Naive Bayes is inherently well-suited to online learning because updating the model requires only updating sufficient statistics (counts, sums, sums of squares) for each class-feature pair, making it naturally incremental with constant memory per update.
Theoretical Basis
The posterior probability of class c given features x_1, ..., x_d is:
P(c | x) = P(c) * product_{i=1}^{d} P(x_i | c) / P(x)
Since P(x) is constant across classes, classification selects the class maximizing the numerator.
Variant: Multinomial Naive Bayes
Assumes features are counts (e.g., word frequencies). The likelihood is modeled as a multinomial distribution. Sufficient statistics are per-class feature counts, updated additively with each new document.
Variant: Gaussian Naive Bayes
Assumes each feature follows a Gaussian distribution per class. Sufficient statistics are the running mean and variance for each feature-class pair, updated incrementally using Welford's algorithm or similar.
Variant: Bernoulli Naive Bayes
Assumes binary features (presence/absence). The likelihood is a product of Bernoulli distributions. This variant explicitly penalizes the absence of features, unlike the multinomial model.

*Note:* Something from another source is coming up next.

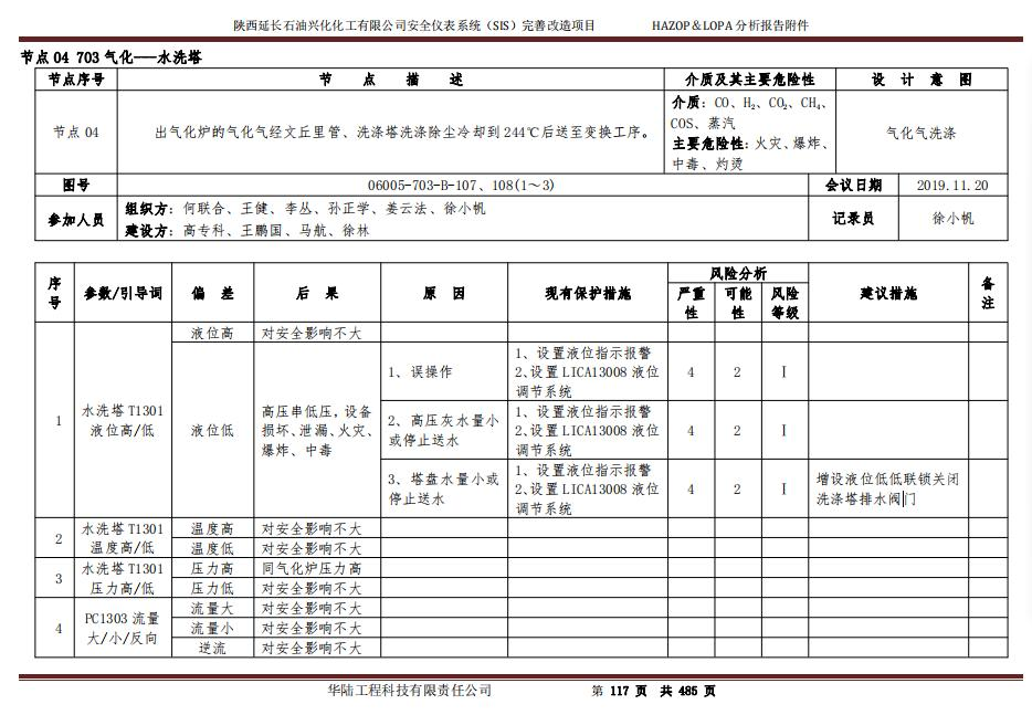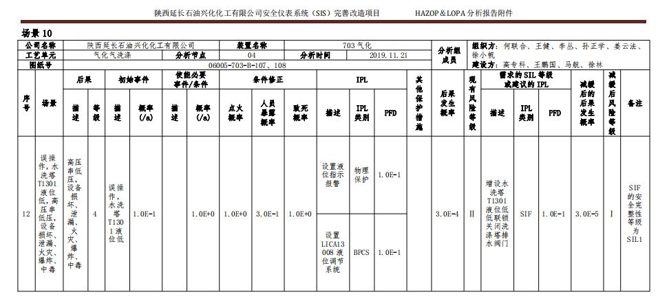 LOPA 与HAZOP一般同步进行,参加的人员及阶段也相同。保护层分析法(LOPA) 是建立在HAZOP分析基础上,对所有辨识出的高风险或重大风险,列出其初始事件(IE)、后果、独立保护层(IPL)、原始风险、现有风险、PPD、残余风险等。

Variant: Complement Naive Bayes
Estimates parameters from the complement of each class (all classes except c). This corrects for the systematic bias of standard multinomial NB on imbalanced datasets and often yields improved accuracy.
Online Update Properties
- Constant time per update: Each observation updates only the counters for the observed class.
- No retraining: Sufficient statistics are additive, so the model never needs a full re-computation.
- Laplace smoothing: A small constant is added to counts to avoid zero probabilities for unseen feature-class pairs.